GamesBeat: How long had you worked on that previously?

Spector: We worked on it in 2018 and 2019. That was it.

GamesBeat: How large had the studio gotten for that project?

Spector: I think we maxed out at 17.

GamesBeat: Was there a period of recovering from that, then? I think you had to downsize.

Spector: Yes, we did. There was certainly a period of personal recovery. I’m not sure how to say it. I take this personally, you know? Game development is not just a job to me. It took me a while to get my creative juices flowing again. And then COVID hit. The world got crazy.

GamesBeat: What seems good about the environment right now–we seem to be in a day when veteran game developers can get access to capital again and start new things now.

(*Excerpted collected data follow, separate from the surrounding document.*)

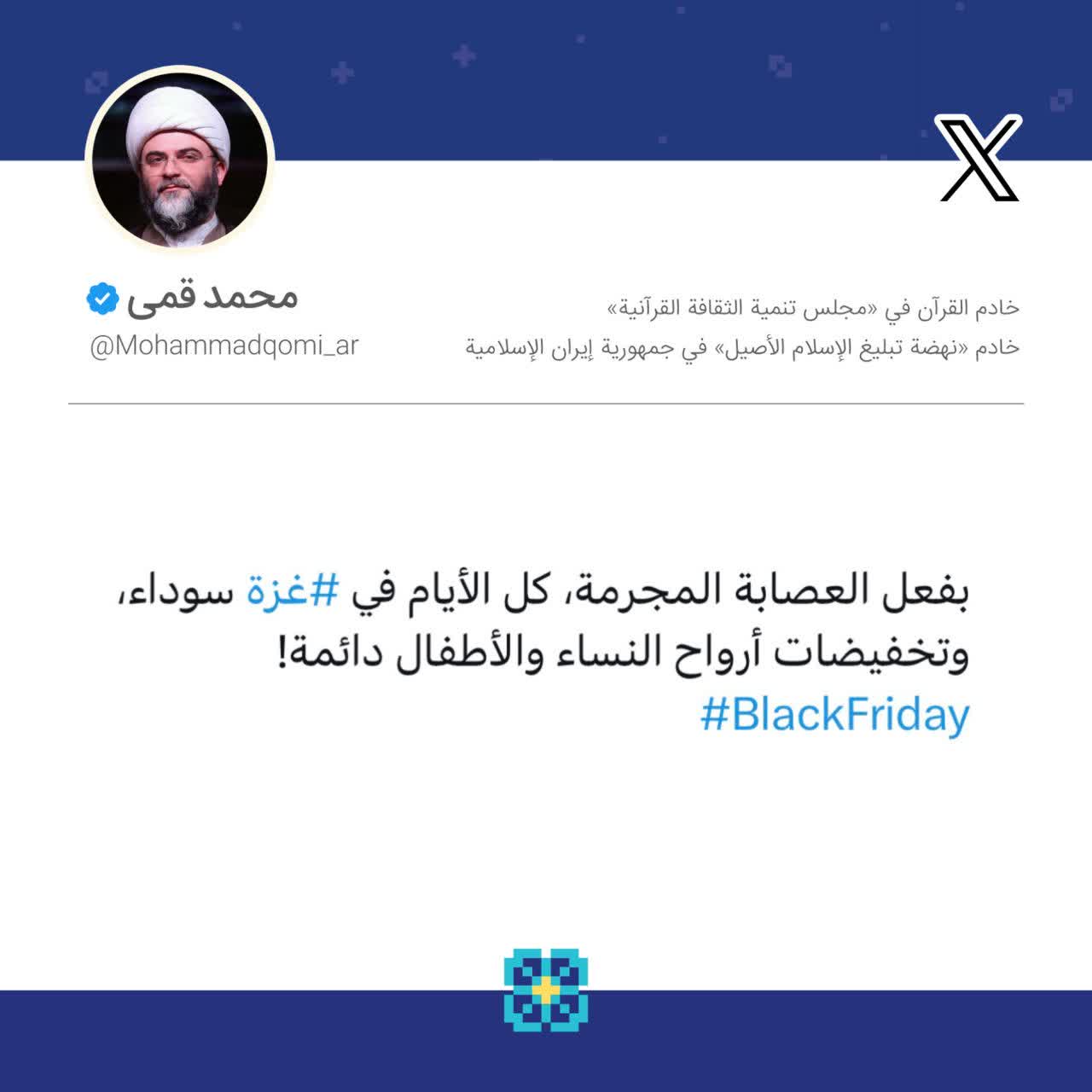 به گزارش روابط عمومی سازمان تبلیغات اسلامی، حجتالاسلام محمد قمی، رییس سازمان تبلیغات اسلامی همزمان با موج گستردهی تخفیفهای بازار جهانی و داخلی و افزایش تب حراج (موسوم به جمعهی سیاه) در صفحات شخصی خود در شبکه اجتماعی ویراستی به فارسی و ایکس به عربی نوشت؛
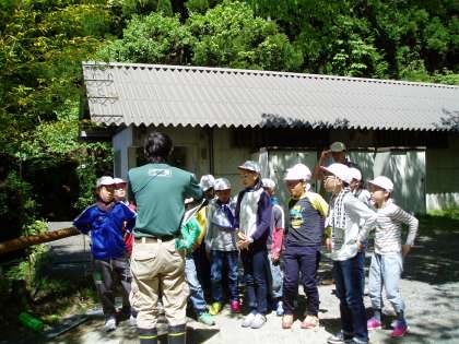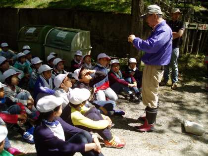 山の家の職員の方々から,たくさんのことを教えていただきました。子どもたちは,目を輝かせながら耳を傾けていました。
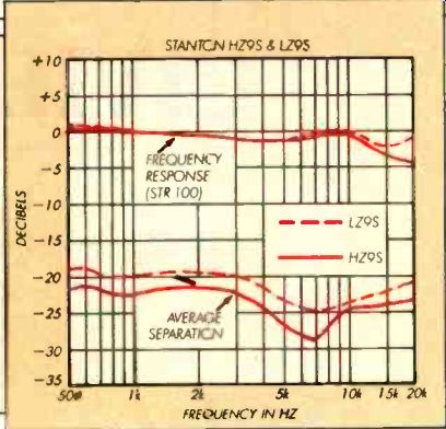 ![]() by Julian Hirsch, Hirsch-Houck Laboratories FEATURES Moving-magnet construction with samarium-cobalt magnet (for low mass) and symmetrical coils (for greater separation) User-replaceable stylus assembly Tubular aluminum cantilever coated with sapphire for stiffness and low moving moss Cantilever electrically grounded through its stabilizing tie wire to drain off electrostatic charges Stereohedron II line-contact stylus Recommended tracking force: 0.75 to 1.5 grams Weight: HZ9S, 4 grams; LZ9S, 3.8 grams Recommended load impedance: HZ9S, 47,000 ohms, 275 picofarads; LZ9S, greater than 100 ohms, capacitance not critical THE Epoch II series of moving-magnet phono cartridges from Stanton Magnetics combines several new design concepts with styling strikingly different from the company's previous cartridges. The Epoch II cartridges have low-mass bodies that are ideally suited to today's light tone arms. Two versions of the cartridge body are available: a conventional "high-impedance" model, designed to drive the 47,000-ohm moving-magnet phono input of a preamplifier, integrated amplifier, or receiver, and a "low-impedance" version suitable for use with a typical moving-coil-cartridge input termination of 100 ohms or more. In combination with three different replaceable (and interchangeable) stylus assemblies, these options provide the Epoch II line with six models in all, covering a broad price range and suitable for use with a variety of music systems. This mix-and-match approach also makes it possible to upgrade any of the lower-priced models simply by installing the appropriate replacement stylus. The stylus used in the higher-priced Epoch II cartridges is a diamond with an improved Stereohedron II extended-line-contact shape. Its radii are 0.2 and 3 mils, and it is said to touch the groove wall over 80 percent of the groove's nominal depth. One of the lower-priced cartridges uses a Stereohedron I tip with 0.3- and 2.8-mils radii, and the least-expensive Epoch II model is fitted with a 0.2 x 0.7-mil elliptical stylus. Earlier Stanton cartridges have also offered low-impedance, low-output coils that make them "moving-coil equivalents." As the manufacturer points out, this approach provides the acknowledged advantages of a moving-coil design (principally its independence of loading interactions and extended high-frequency response thanks to the elimination of the low-pass filter formed by the coil inductance and load capacitance) without the drawbacks of a moving-coil's typical fragility and (usually) non-replaceable stylus. Since the Epoch II LZ models have the low output voltage of a typical moving-coil cartridge, they are completely compatible with any MC preamplifier input or can be used with a head amplifier or trans former. For this report, we tested the top-of-the-line Epoch II cartridge, the HZ9S, and we also made limited tests of the LZ9S low-impedance model, which uses the same stylus as the HZ9S. Each of these cartridges is priced at $250, with re placement styli available for $90. The least-expensive Epoch II cartridge, the HZ6E, is only $95, and its stylus is priced at $40. Stanton Magnetics, Dept. SR, Terminal Dr., Plainview, N.Y. 11803. =========== ![]() HIRSCH-HOUCK LAB MEASUREMENTS Frequency response (with CBS STR 100 test record): HZ9S, 40 to 20,000 Hz +0.5,-3 dB referred to 1,000-Hz level; LZ9S, +0.5,-2 dB Channel separation: HZ9S, 22 dB at 1,000 Hz, 24 dB at 10,000 Hz; LZ9S, 20 dB at 1,000 Hz, 23 dB of 10,000 Hz Output voltage la: 3.54-cm/s groove velocity, 1,000 Hz): HZ9S, 3.4 millivolts; LZ9S, 0.1.5 mV Channel imbalance: HZ9S, 0.6 dB; LZ9S, 1.28 dB Vertical stylus angle: 22 degrees (both models) Optimum load: HZ9S, 47,000 ohms in parallel with 360 picofarads; LZ9S, greater than 100 ohms, capacitance not critical Tracking ability (at 300 Hz with German HiFi *2 test disc): 80 micrometers at 0.75 gram, 100 gm at 1 gram IM distortion: less than 3% with groove velocity between 7 and 22.5 cm/s; 5% at 27 cm/s Tone-burst distortion: less than 1% with groove velocity between 15 and 30 cm/s =================== Lab Tests The two cartridge bodies were in stalled in plug-in shells for a low-mass tone arm that is compatible with the low mass of the Epoch II cartridges. The compliant styli resonated at 7 to 8 Hz in this arm, which caused no problems in tracking warped records, but it is obvious that for best results the Epoch II series cartridges should not be in stalled in massive tonearms. We made complete tests of the HZ9S, and we measured the output, frequency response, and channel separation of the LZ9S by installing the stylus from the HZ9S in the other body. This approach allowed us to assess differences resulting from the LZ's low coil impedance with out having to allow for the effects of normal stylus variations. For both measurements and listening tests with the low-impedance body, we used a high-quality MC transformer whose response is very flat and extends well beyond the range of the cartridge and test records. We used a 1-gram force for most of our tests, and frequency-response measurements with different load capacitances showed that this was not a critical factor, although higher values made a slight improvement. We used 360 picofarads. The frequency response of the HZ9S with the CBS STR 100 test record had a slight, well-damped peak at 10,000 Hz, dropping off slightly at higher frequencies. It varied over a ± 2-dB range from 40 to 20,000 Hz. The two channels had virtually identical response and channel-separation characteristics. Substituting the LZ9S body, we found a similar response up to 10,000 Hz and beyond, but the output remained stronger above that frequency and did not appear to be rolling off above our 20,000-Hz measurement limit. The tracking ability of both models was outstanding. At 0.75 gram they tracked the 30-cm/s tones of the Fairchild 101 test record, the high-level 32-Hz tones of the Cook 60 record, and the 80-micrometer level of the German HiFi
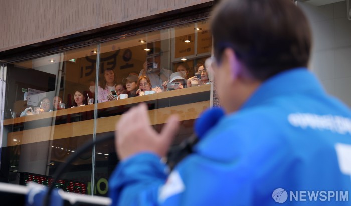 [대전=뉴스핌] 정일구 기자 = 6·3 대통령선거 공식 선거운동 첫날인 12일 오후 대전 중구 으능정이거리 스카이로드에서 시민들이 'K-과학기술' 대전 유세에 나선 이재명 더불어민주당 대선 후보의 연설을 바라보고 있다. 2025.05.12 mironj19@newspim.com
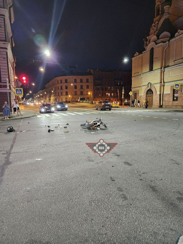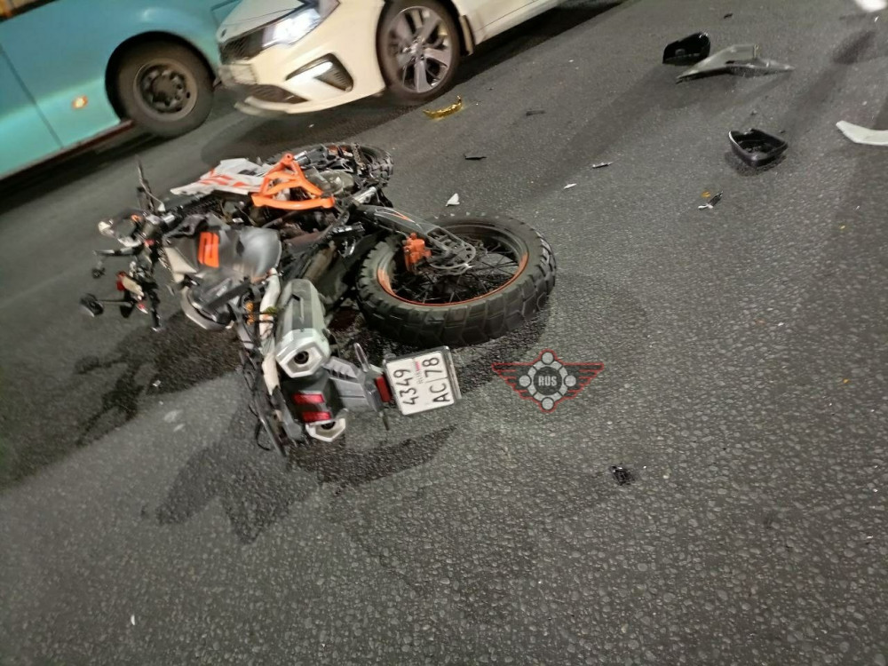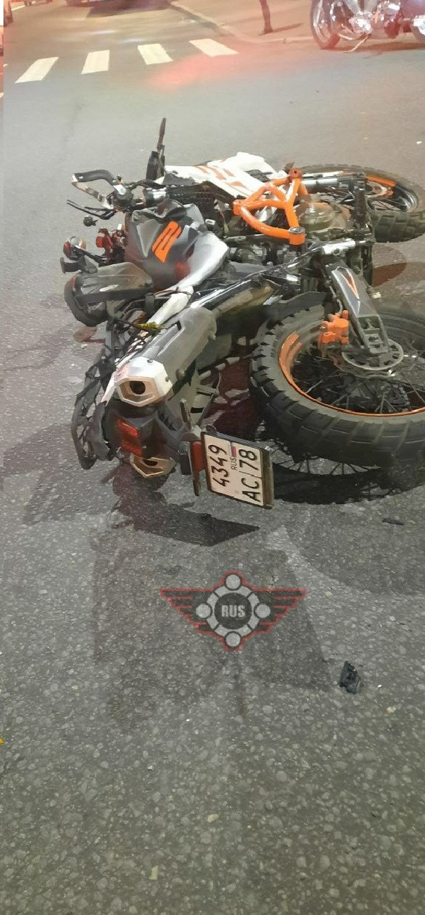 Дтп с мото на перекрестке Лермонтовского пр. и пр. Римского-Корсакова. Авто и мот Fuego Tekken 250 номер 4349АС78. Мотоциклист Нефедов Сергей Дмитриевич (открытый перелом ног) в машине скорой помощи. ДПС на месте.
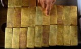 REPUBLIKA.CO.ID, Mapolda Jatim menunjukkan barang bukti terkait kasus Dimas Kanjeng Taat Pribadi yang disita penyidik dari salah satu korbannya bernama Najmiah Muin, warga asal Makassar, Sulawesi Selatan berupa 260 batang emas, mata uang asing dari Vietnam, Tiongkok, dan Korea Selatan yang jumlahnya sekitar Rp200 milyar, keris, patung dan sejumlah barang lainnya yang diduga palsu.
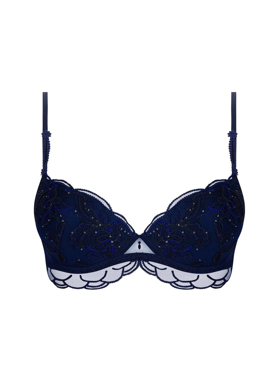 スパンコール刺繍のパッド入りカップ、フロント中央は透け感のあるチュール、チュールのバスク部分には刺繍入りスカラップバンドをあしらっています。
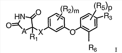 9. Соединение по п.1, в котором А представляет О; R1 представляет СН3; каждый R4 независимо выбирается из группы, состоящей из Cl, -ОСН3 и -OCF3; R5 представляет F; R6 представляет н-С3Н7; m равно 0; n равно 1 или 2; и р равно 0 или 1.
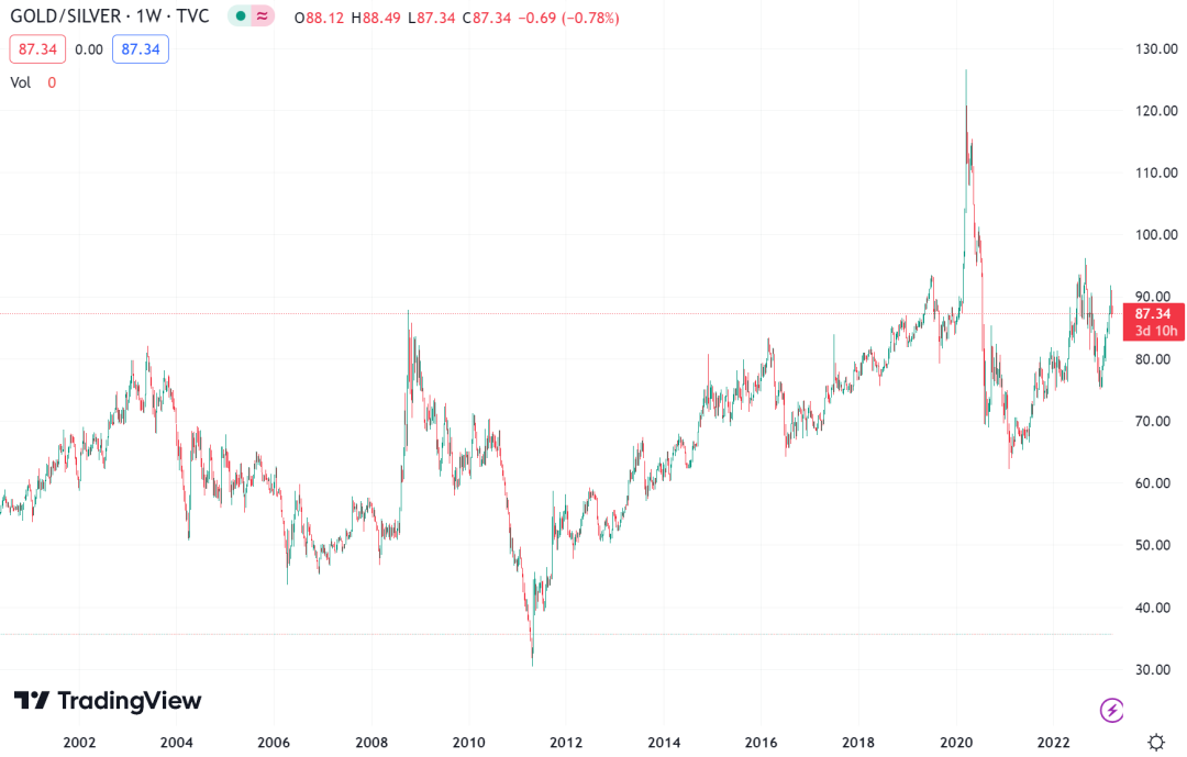 首先看常用的金银价格比,金银比咱很久以前就聊过,现在在90附近,历史上看是比较高的,按照规律看现在银的性价比可能比金更高一些。
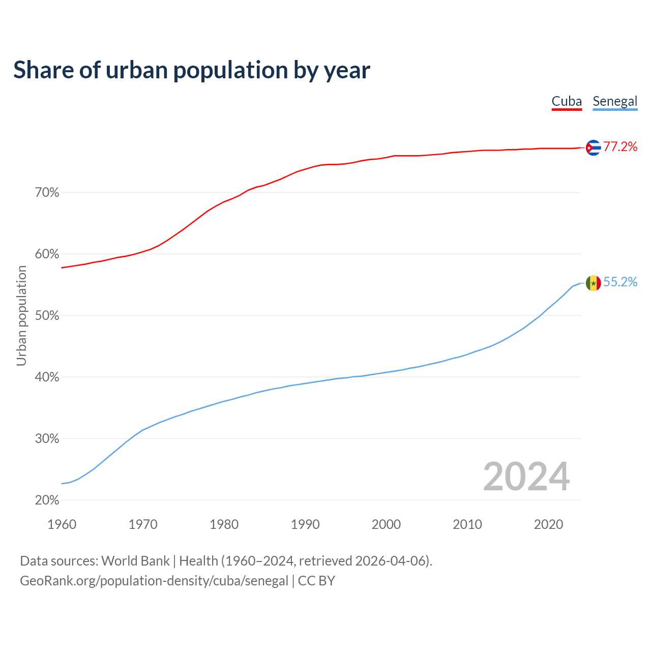 From 2004 to 2024, the share of urban population changed from 75.9% to 77.2% in Cuba and from 41.6% to 55.2% in Senegal.
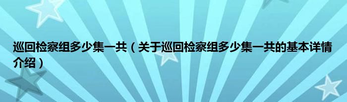 本文关于巡回检察组多少集一共的基本详情介绍就讲解完毕,希望对大家有所帮助。
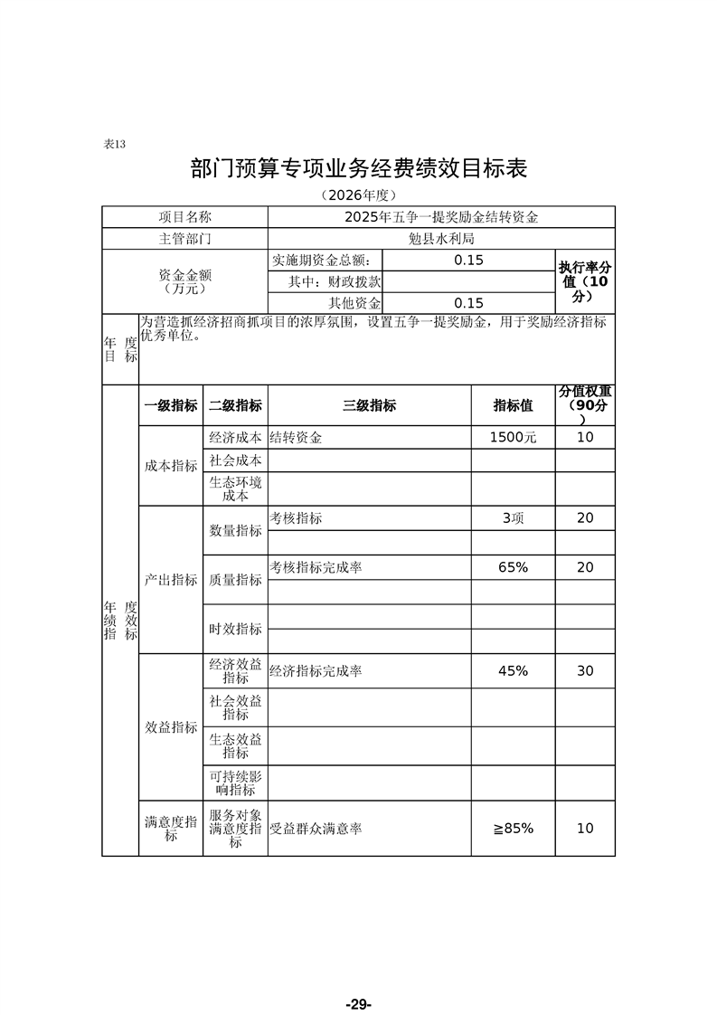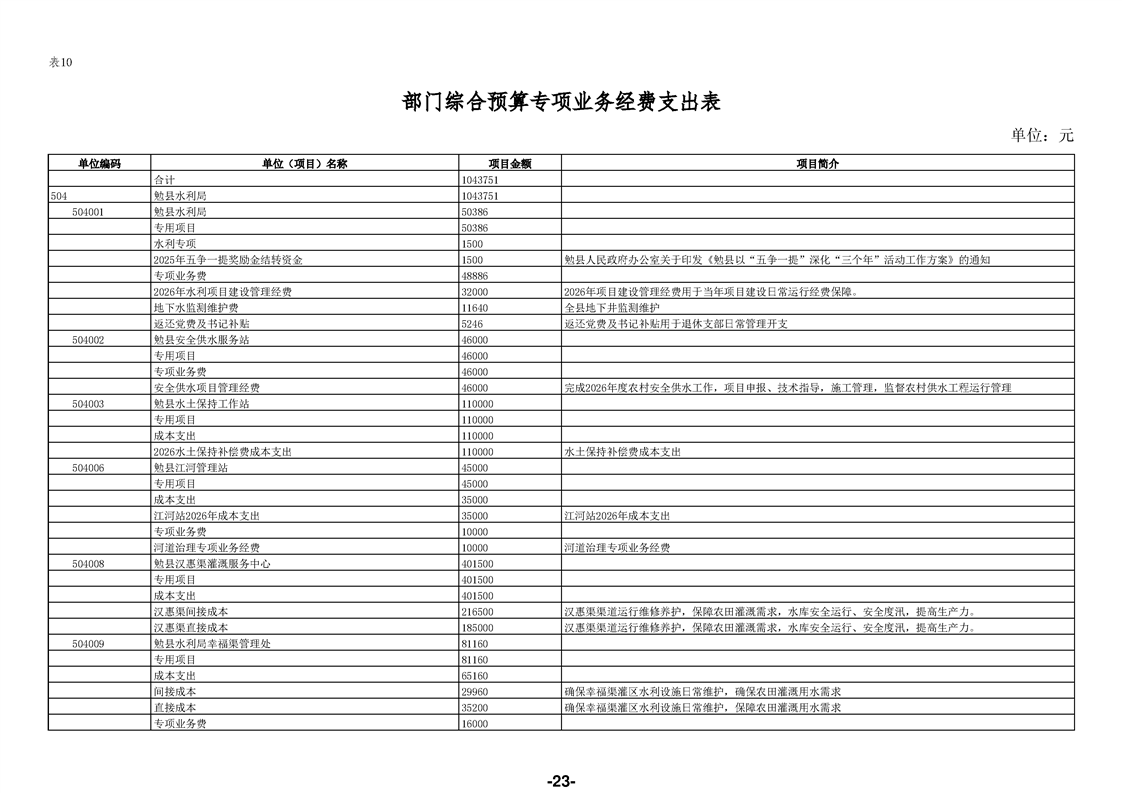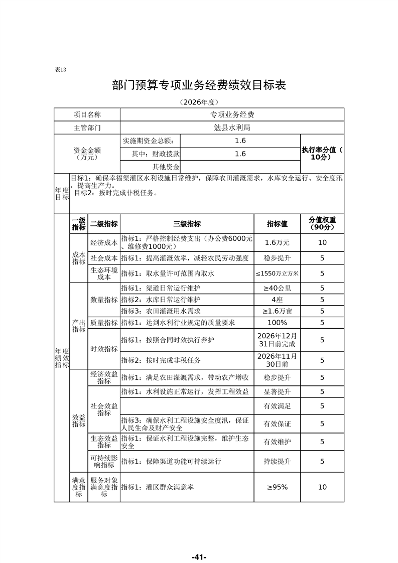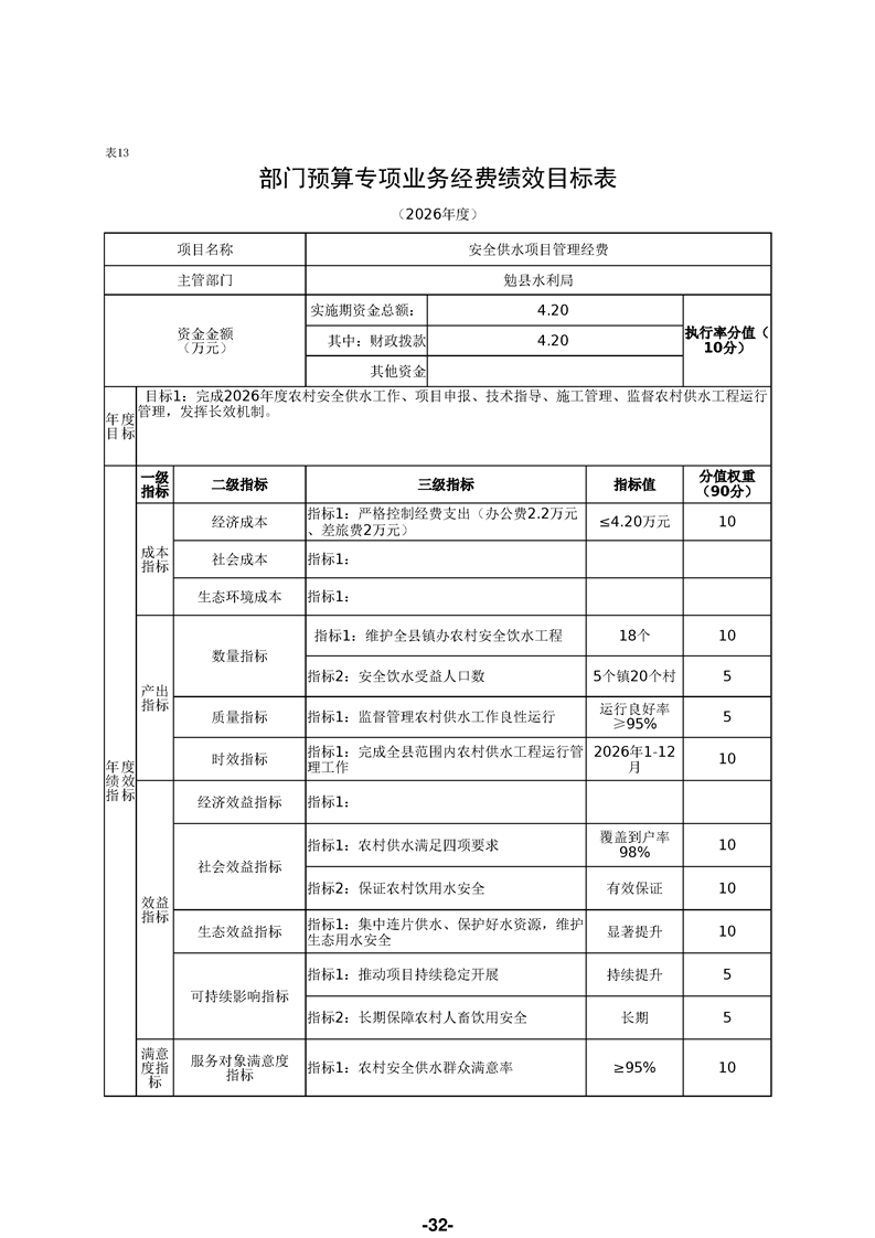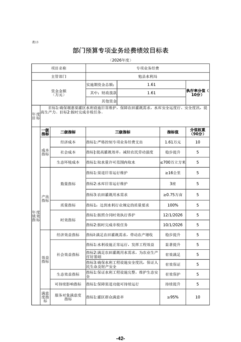 勉县水利局(汇总)2026年部门预算公开说明

Spector: We certainly can get meetings. There’s a lot of money floating around right now. You’ve noticed it. Lots of other analysts have noticed it. There are certainly opportunities. And I can’t wait to talk more about this.

GamesBeat: How did you start this revival, being able to do a new game or another game?

Spector: It’s what Paul and I love to do. Individually and together, we’ve created a lot of franchises that have had long lives. People still talk about Underworld. They still talk about System Shock. It blows my mind that 22 years after we shipped Deus Ex, people are still talking about it and playing it. For all the mixed response to the Epic Mickey games from gamers–gamers, I don’t think they got it. But a more mainstream audience did. Years later I still get fan letters. Or fan emails now. People who tell me they’ve played the game 10 times.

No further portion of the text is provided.